Kim's empty-handed return from the Hanoi summit was a humiliating setback to the third-generation hereditary ruler intent on burnishing his image as unflinching in the face of the American president and further cementing his political legitimacy as a leader, observers said.
In the wake of the diplomatic mishap, Kim imposed a year-end deadline for the U.S. to show flexibility in the negotiations, renewed the threat to take a "new path" and resumed short-range missile and rocket launches -- in an apparent display of his resolve against American pressure.
In Washington, politics has become an even greater factor in the resumption of the negotiations as the outcome of renewed dialogue with Pyongyang could mar or add to Trump's foreign policy scorecard ahead of the November presidential election.
Analysts said that Trump could focus on preventing Pyongyang from launching major provocations, such as an intercontinental ballistic missile launch, which could discredit his diplomatic profile, and maintaining the "status quo."
In an apparent sign of Trump's dwindling interest in negotiations with the North during the election season, Trump has made a set of changes in his negotiation team, most recently the nomination of Alex Wong, the deputy U.S. special representative for the North, as a representative to the United Nations.
The North's preoccupation with the aggressive campaign to insulate its people from the fast-spreading new coronavirus has recently emerged as a potential hurdle to the resumption of the nuclear talks.
Pyongyang has strengthened border controls and containment efforts, apparently with a sense that infections, particularly among its military personnel -- often mobilized for state development projects -- could deal a body blow to both its security and economic development.

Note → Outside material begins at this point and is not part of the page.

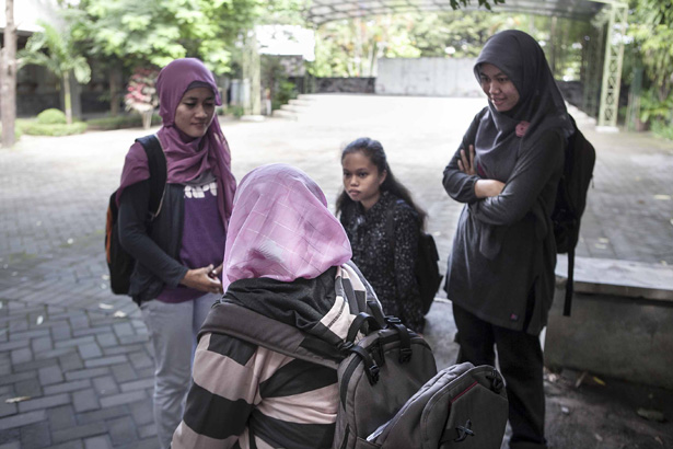 Mira woont samen met haar vijf jaar jongere zus Uzin Akrim in een kleine studentenkamer in Yogyakarta. Uzin zit in kleermakerszit op de grond in de benauwde, vochtige studentenkamer van de zussen. “Nee hoor, ik woon niet samen met Mira om voor haar te zorgen”, vertelt Uzin met een glimlach op haar gezicht. Mira komt lachend de kamer binnen met grote koppen zoete thee. “Haha, je hoeft niet voor mij te zorgen hoor zusje, dat kan ik zelf wel”, zegt Mira vrolijk, terwijl ze gaat zitten. “Mijn zus is een onafhankelijk persoon en heeft gelukkig geen hulp nodig, toch vinden mijn ouders het een prettig idee dat wij samenwonen zodat ik Mira gezelschap kan houden”, legt Uzin uit.

It has so far reported no confirmed cases of the COVID-19, though speculation persists that it may have difficulty testing or diagnosing virus patients due to a dearth of test kits or other medical equipment.
True to its professed role as a facilitator, South Korea has explored ways to help the resumption of the nuclear talks, but the efforts have faltered due in large part to international sanctions restricting exchanges with the North.
In particular, Seoul has been pushing for individual trips to the North as tourism itself does not violate the global sanctions regime despite concerns that tourists' belongings, such as cameras and laptop computers, could be subject to sanctions.
"The possibility still remains that the North could accept Seoul's push for individual trips as it may have the potential to loosen the sanctions regime," Park of Handong Global University, said.